De nombreux lowriders ont un rembourrage en velours capitonné et des volants à chaîne. Peu de pièces d’origine fabriquées sont visibles. Crédit: Intérieur du rêve de Dave, photographié par Eric Long / NMAH. Ce panneau latéral arrière sur Dave’s Dream n’est pas seulement décoratif. Nommer un lowrider confère respect et individualité au véhicule. Crédit: panneau quart de rêve de Dave, photographié par Jaclyn Nash / NMAH. Transformer des voitures en lowriders et les regarder défiler sont des activités communautaires populaires au Nouveau-Mexique. Chimayó est à 35 km au nord de Santa Fe. Crédit: Plaque d’immatriculation sur Dave’s Dream, photographiée par Jaclyn Nash / NMAH. Lowrider icons embrace family and religion. This portrait depicts David Jaramillo, Irene Jaramillo, and their son David Jr. Credit: Painted portrait on Dave’s Dream fender, photographed by Jaclyn Nash/NMAH. Irene Jaramillo et son fils, David Jaramillo Jr., dans Dave’s Dream, New Mexico, 1990. Crédit: Irene Jaramillo et David Jaramillo Jr., photographiés par Annie Sahlin / NMAH
Depuis 2000,
les lowriders ont fait l’objet d’une exposition de quatre mois au Petersen Automotive Museum de Los Angeles. Le spectacle a été une étape importante pour la communauté chicano, selon Sterngold dans le Time, « c’était la première fois que les lowriders recevaient une attention particulière d’un musée grand public de leur ville natale. »

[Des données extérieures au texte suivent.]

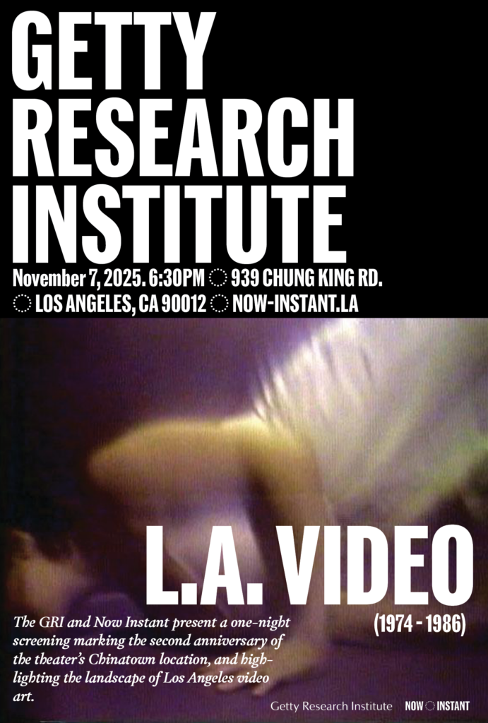 Pulling from the Getty Research Institute’s vast archive of video art, the GRI and Now Instant present a one-night screening marking the second anniversary of the theater’s Chinatown location, and highlighting the landscape of Los Angeles video art. Co-curated by Lauren Ardis of the GRI.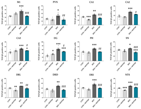 2.6. Reduction of TGF-β1 Expression by MYP Treatment in the Brain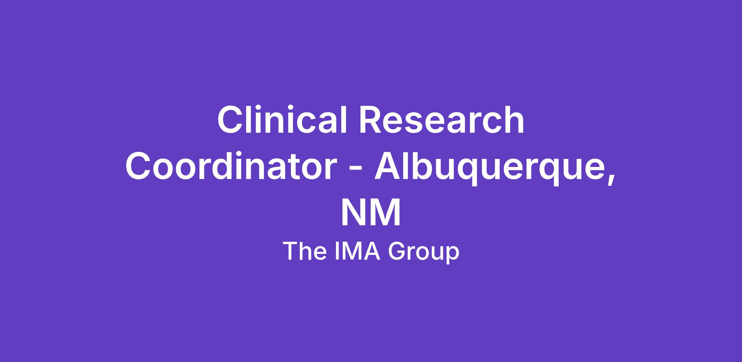 Join IMA Clinical Research and be part of studies that make a real impact on patient care. Weβre seeking an experienced Clinical Research Coordinator to support clinical trials from start-up through close-out in a fast-paced, collaborative environment. The hours for this position are 9am-5:30pm from Monday-Friday.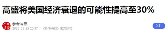 笔据高盛公司3月26日发布的最新讲解,由于耐久的交易摩擦和战略波动,好意思国经济阑珊的可能性仍是升迁到了30%,这比之前的揣摸又跨越了5个百分点。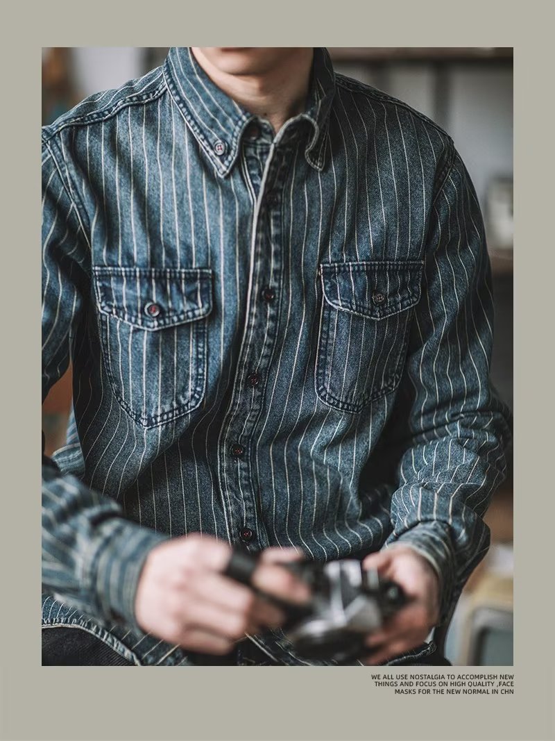 세탁 된 복고풍 세로 줄무늬 데님 셔츠 남성 봄과 가을 미국 패션 브랜드 스트리트 느슨한 올 매치 캐주얼 작업복 재킷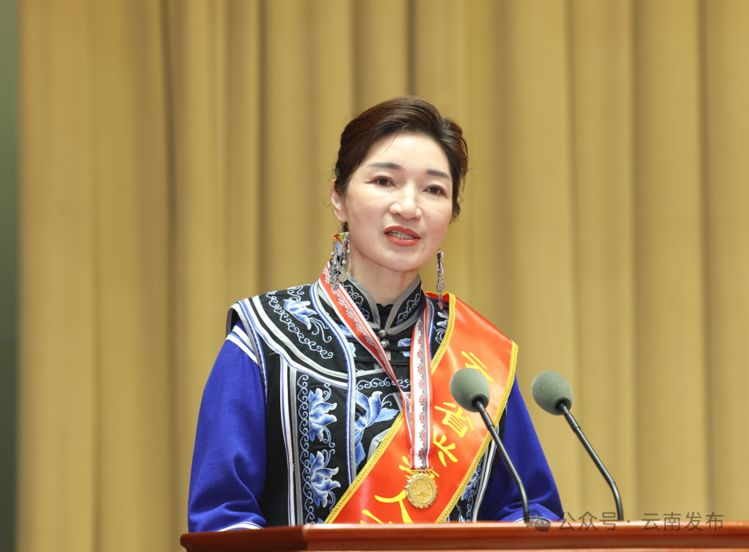 3月23日,云南省“兴滇人才奖”表彰大会在昆明举行。作为获奖代表,南华七彩彝绣文化传播有限责任公司董事长丁兰英、保山中咖食品有限公司董事长杨竹先后上台发言,分享自己的创业故事。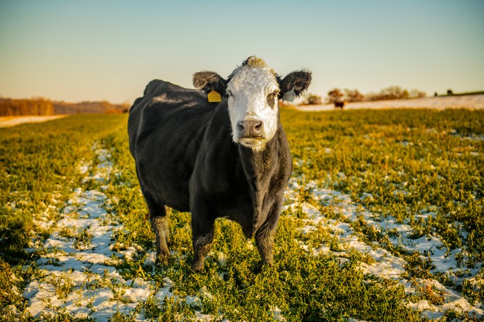 Farmer John Snyder takes great pride in the breeding of his beef cows. He puts his animals on rotating pastures year-round, and in the winter they get hay and some of his own non-GMO grain as a supplement. His beef when sold commercially regularly grades as Prime and Choice.

Aujourd’hui, les lowriders sont rarement vus dans la rue en comparaison des années 70. La pression politique, imposée par la police, a généré des mesures de répression dans de nombreuses communautés. Mais des spectacles de lowrider et des compétitions de sauts organisés ont lieu dans de nombreuses villes, dont Los Angeles, San Francisco, Las Vegas, Phoenix, Portland, Dallas, Denver, Houston, Indianapolis et Miami. Le magazine Lowrider organise chaque année de nombreux spectacles de ce type dans tout le pays et compte plus de 200000 participants et quelque 10000 véhicules, selon l’éditeur Chris Kobran, qui note que les États-Unis comptent plus de 500 clubs lowrider.
Les aficionados investissent souvent des années de travail et des milliers de dollars dans leurs créations, selon l’historienne Denise Sandoval, qui enseigne à la California State University à Northridge et a rédigé sa thèse sur la tradition du lowrider. Le magazine Lowrider a récemment publié un article sur une Chevrolet Impala de 1959 qui aurait coûté 25 000 $ à personnaliser.

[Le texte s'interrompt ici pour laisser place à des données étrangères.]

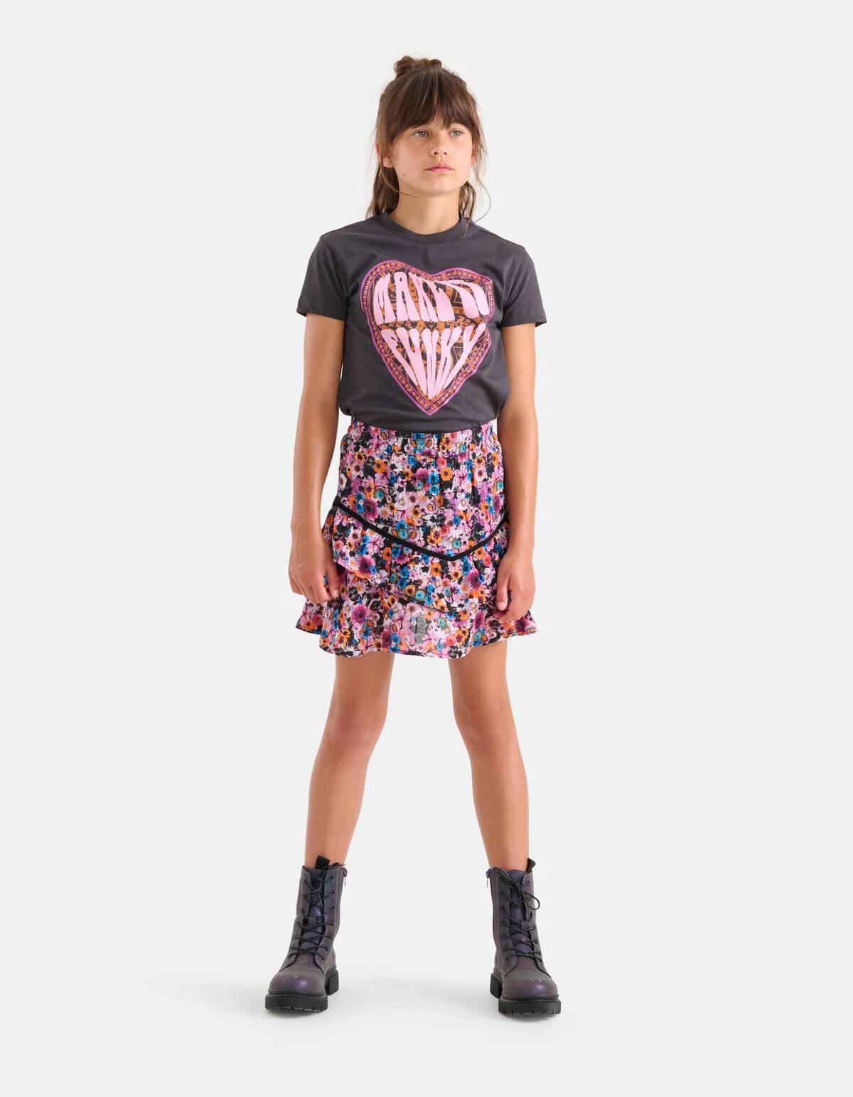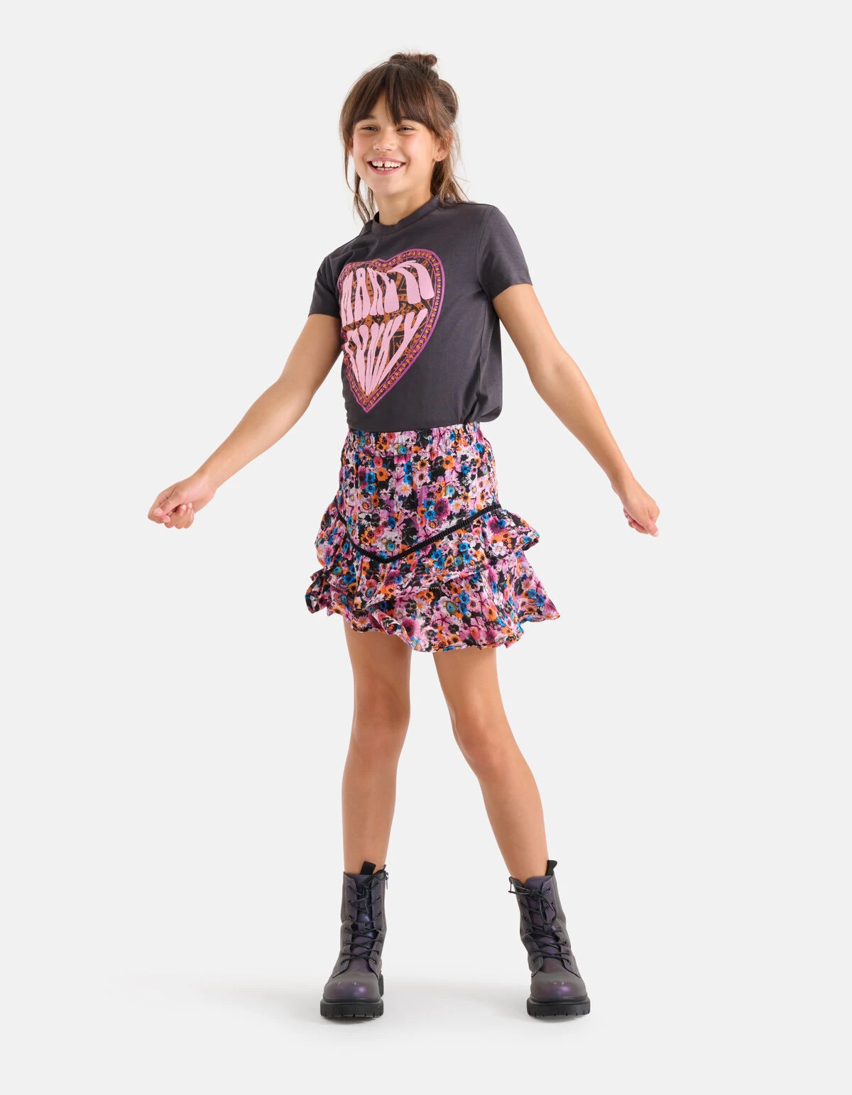 Make a statement! De Bloemenprint Rok heeft een hoge taille en een uitlopend model. Het item wordt gekenmerkt door de paarse kleur met een all-over kleurrijke bloemenprint. Verder heeft het rokje een shortje aan de binnenzijde. Een leuk detail is de tape lining en de ruffles aan de onderzijde. Combineer het samen met een statement t-shirt of een chunky trui voor een stijlvolle look!

Une communauté lowrider s’est également développée parmi les Afro-Américains; par exemple, l’artiste hip-hop Snoop Dogg en est un grand fan. Les Blancs et les Américains d’origine asiatique, exposés aux voitures à travers des vidéoclips et à la télévision, ont également adopté le style dans une certaine mesure.
Le journaliste Dick DeLoach note que les lowriders fabriqués sur mesure sont exportés vers l’Europe, le Japon et d’autres régions du monde. Le Lowriding, écrit-il, continue de réussir en tant que «sport automobile et entreprise commerciale». Et comme une déclaration de cool.